Emak juga tak pernah mengenyam bangku sekolah. Ia tak bisa baca tulis. Emak hanya bisa menghitung. Itupun hanya duit dan harga karet yang dijualnya. Selebihnya emak buta huruf.

''Zaman kami sekolah tak ada. Anak perempuan hanya tinggal di rumah,'' kata Emak memberi alasan.

Tapi emak sangat istimewa. Ia mencintai kampungnya. Setia kepada tanah kelahirannya. Rindu kepada anak-anak yang memberinya kemarahan karena kenakalan. Cinta kepada rumah betangnya yang digusur dengan alasan tidak higienis. Menangis karena kampungnya diabaikan pemangku kepentingan. Ah, emak!!!

Cita-cita emak hanya sederhana. Ia ingin kami sekolah. ''Emak boleh kolot, kalian harus pintar,'' katanya.

Kalimat itu Emak bilang waktu saya masih kelas tiga sekolah dasar. Emak sungguh luar biasa. Orang Angan Tembawang yang cerdas.

Saya benar-benar rindu emak. Rindu ocehannya kalau lagi naik pitam. Rindu cerewetnya kalau ada yang tak cocok di telinganya. Rindu kemarahannya kalau dilarang pergi ke hutan, padahal tubuh rentanya sudah tak harus lagi ke hutan.

Emak ke hutan bukan membenci keramaian. Itu karena emak cinta kerimbunan. Emak rindu kicauan enggang yang tak lagi didengarnya.

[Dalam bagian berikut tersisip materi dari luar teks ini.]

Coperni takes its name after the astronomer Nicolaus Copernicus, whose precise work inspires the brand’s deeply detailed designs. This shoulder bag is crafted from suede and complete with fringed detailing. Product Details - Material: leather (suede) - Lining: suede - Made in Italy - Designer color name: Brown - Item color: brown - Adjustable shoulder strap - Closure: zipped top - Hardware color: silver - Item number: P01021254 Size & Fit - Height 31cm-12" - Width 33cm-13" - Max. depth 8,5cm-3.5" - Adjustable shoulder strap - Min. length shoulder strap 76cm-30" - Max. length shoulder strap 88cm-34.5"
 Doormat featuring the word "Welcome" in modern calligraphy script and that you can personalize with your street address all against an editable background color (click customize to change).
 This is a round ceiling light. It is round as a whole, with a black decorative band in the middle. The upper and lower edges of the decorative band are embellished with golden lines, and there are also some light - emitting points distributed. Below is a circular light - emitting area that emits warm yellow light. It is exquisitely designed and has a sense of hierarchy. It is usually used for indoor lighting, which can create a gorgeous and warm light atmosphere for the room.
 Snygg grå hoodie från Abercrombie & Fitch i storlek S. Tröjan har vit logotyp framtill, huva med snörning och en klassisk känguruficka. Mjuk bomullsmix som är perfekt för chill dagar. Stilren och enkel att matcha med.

Rindu melihat siamang bergelantungan dari satu pohon ke pohon lainnya. Emak sungguh mencintai hutan yang memberinya kehidupan.

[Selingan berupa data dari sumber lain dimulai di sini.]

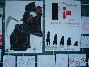 В фойе школы была организована выставка работ учащихся «В будущее без наркотиков».
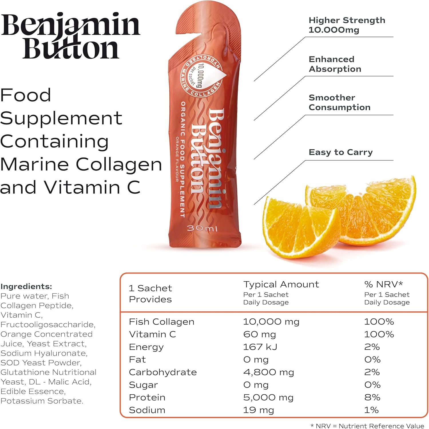 14x Marine Collagen Liquid Sachets – 10,000mg Hydrolysed Type 1 with Vitamin C | Skin, Hair, Nails | Orange Flavor | 2-Week Supply | Higher Absorption vs. Powder/Tablets – Benjamin Button®

Kini emak sudah pensiun ke hutan. Emak juga sudah purna menoreh karet. Emak juga sudah tak lagi menanam, merumput, mencangkul, bahkan panen padi di sawah atau ladang. Emak benar-benar menikmati hari tuanya dengan kesederhanaan.

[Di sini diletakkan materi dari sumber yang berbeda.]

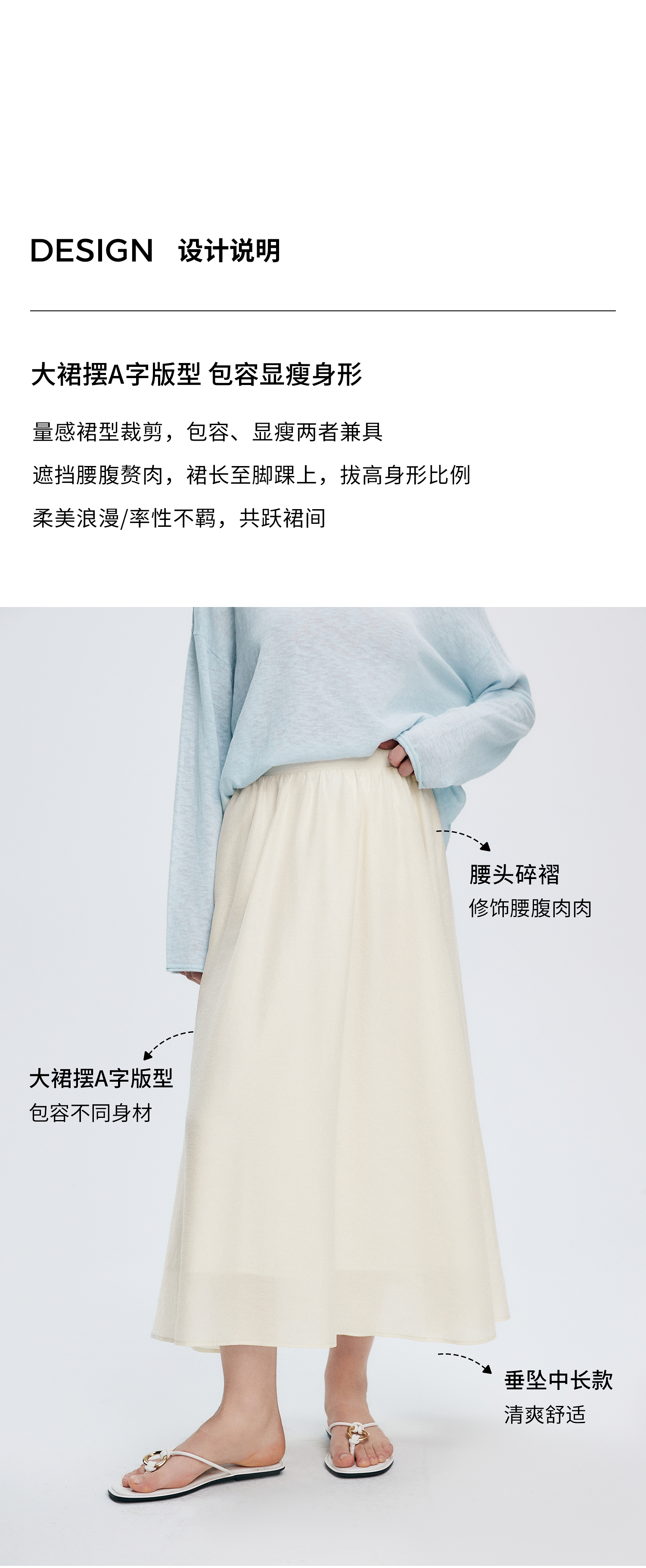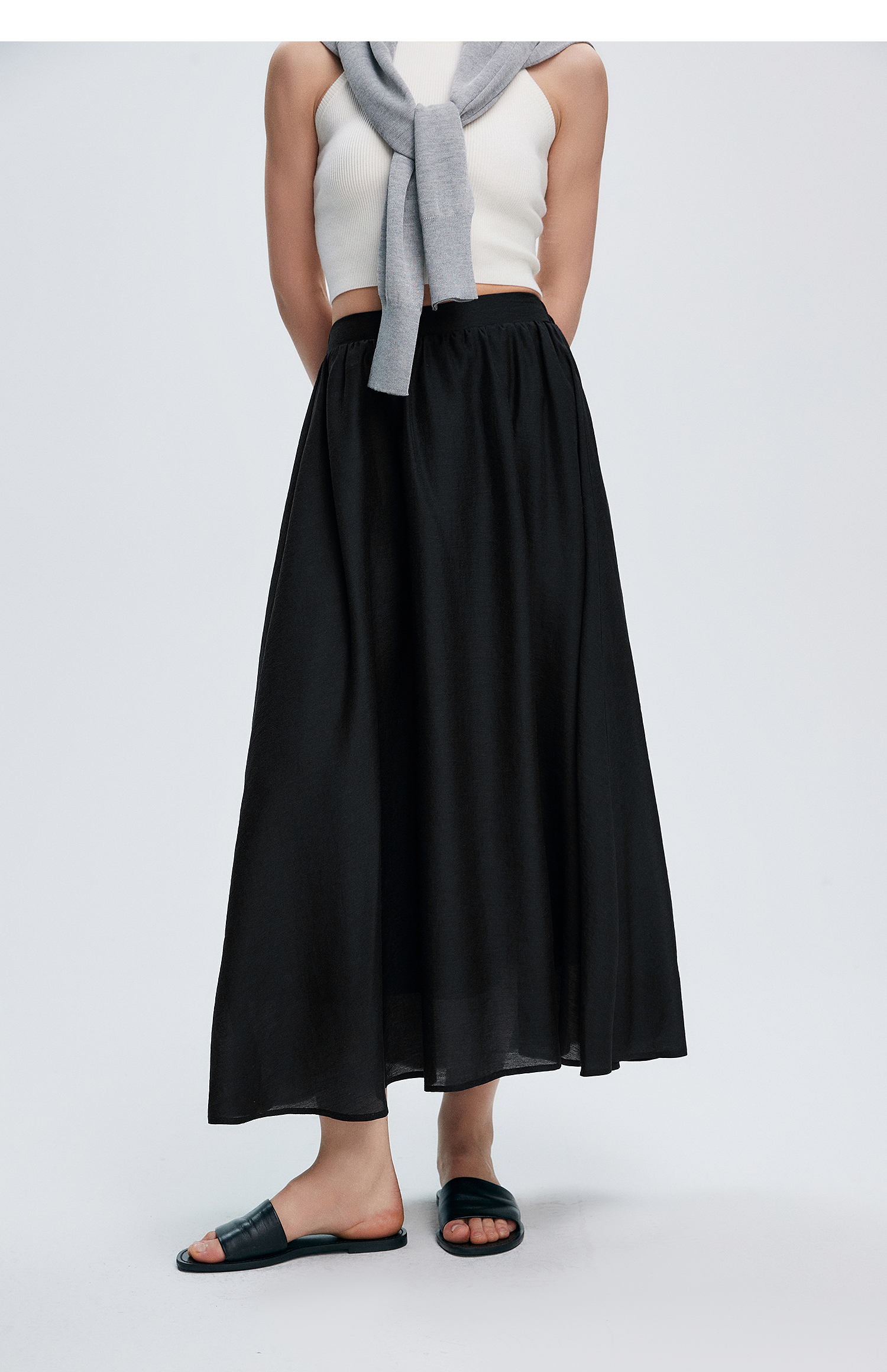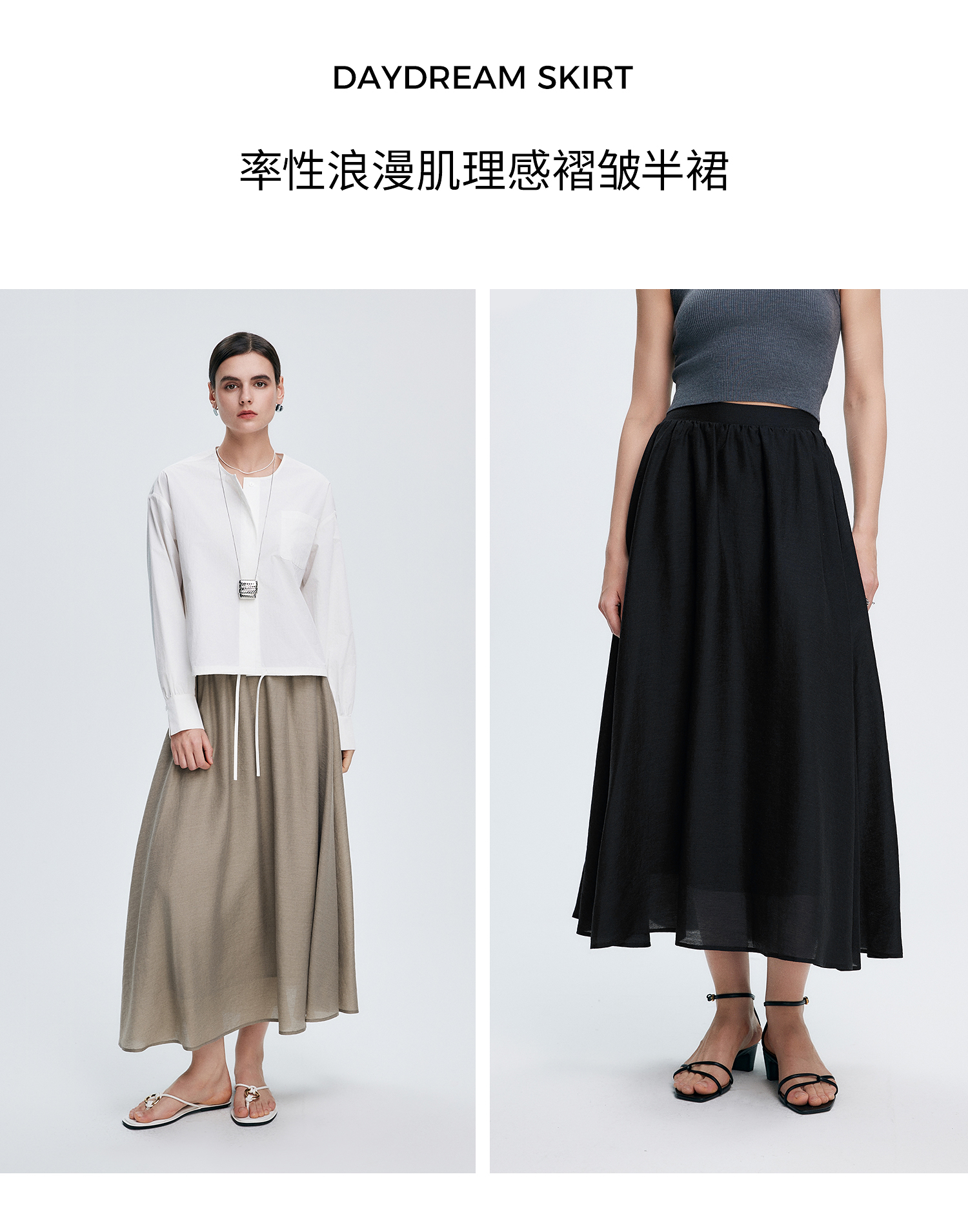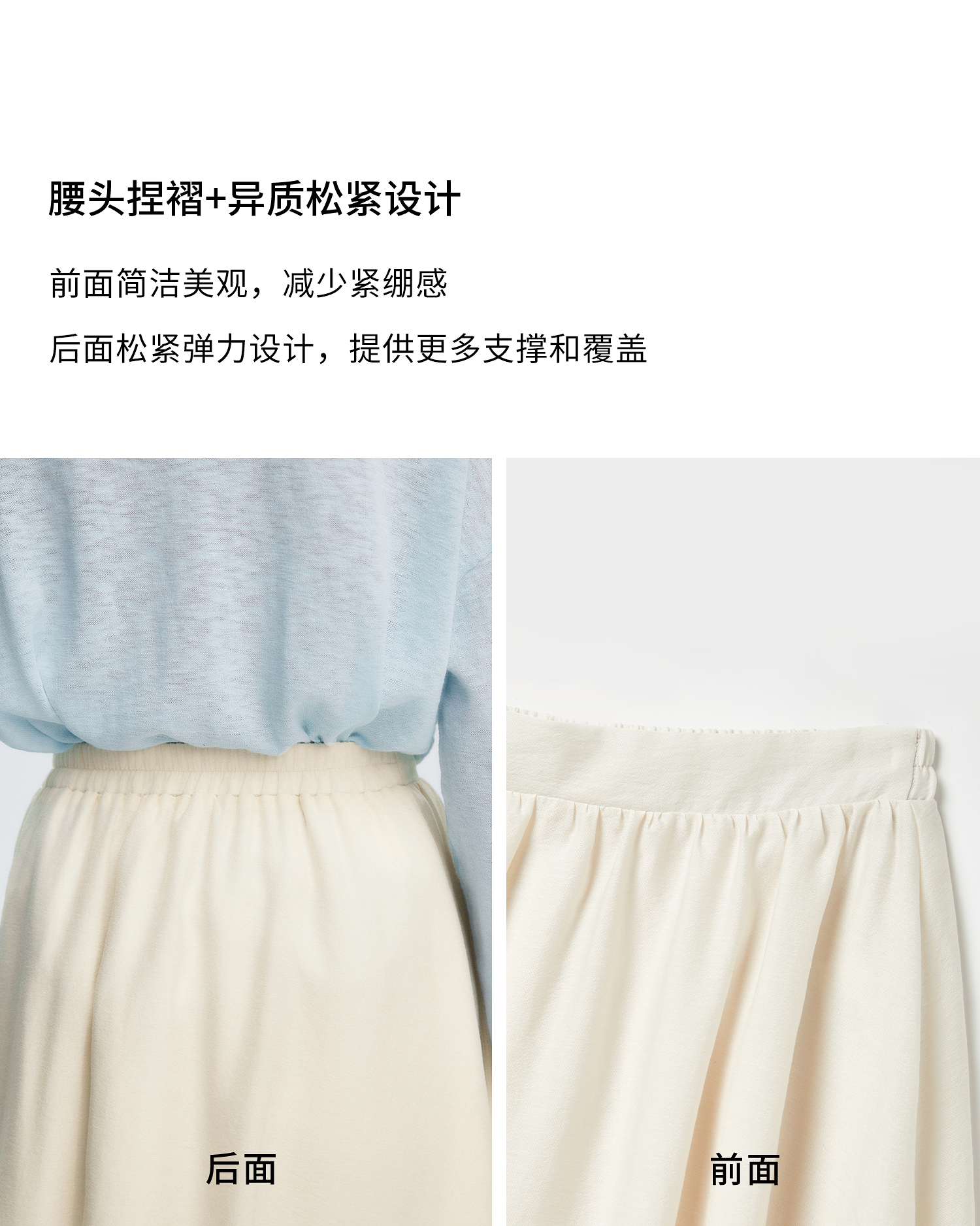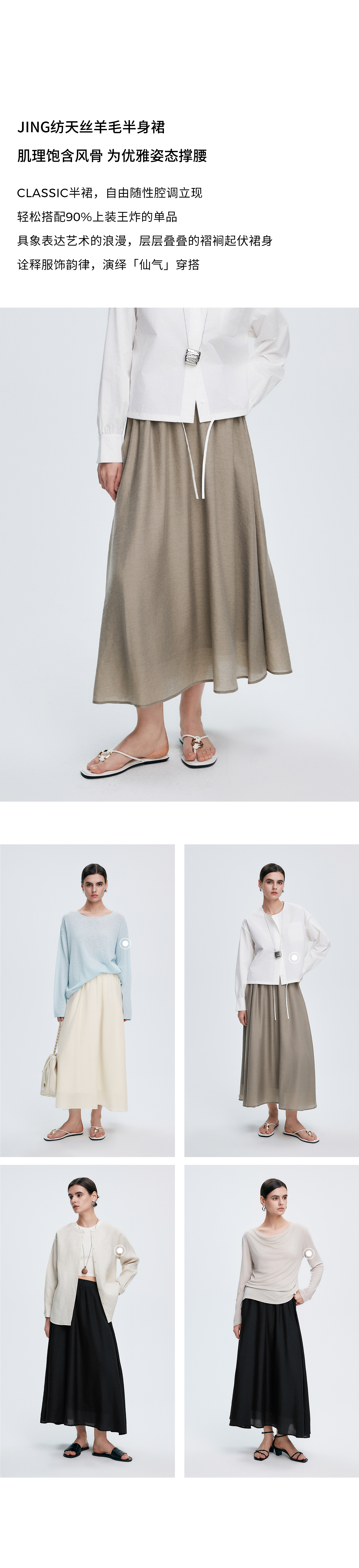 初棉 秋冬涤天丝羊毛半身裙 纯色百褶A字裙

Saya terakhir bertemu emak enam bulan lalu. Membayar rindu enam bulan sebelumnya. Bercanda dengan emak walau ia tak lagi melihat. Menjadi mata emak walau hanya semalam. Melihat senyum emak di antara keriputnya. Menumbuk sirih emak karena giginya tak kuat lagi mengunyah.

Aku semakin rindu emak bila ingat langkah-langkah tertatihnya. Aku semakin ingin bertemu emak untuk mendengar dongeng si bungsu pengantar tidur kami.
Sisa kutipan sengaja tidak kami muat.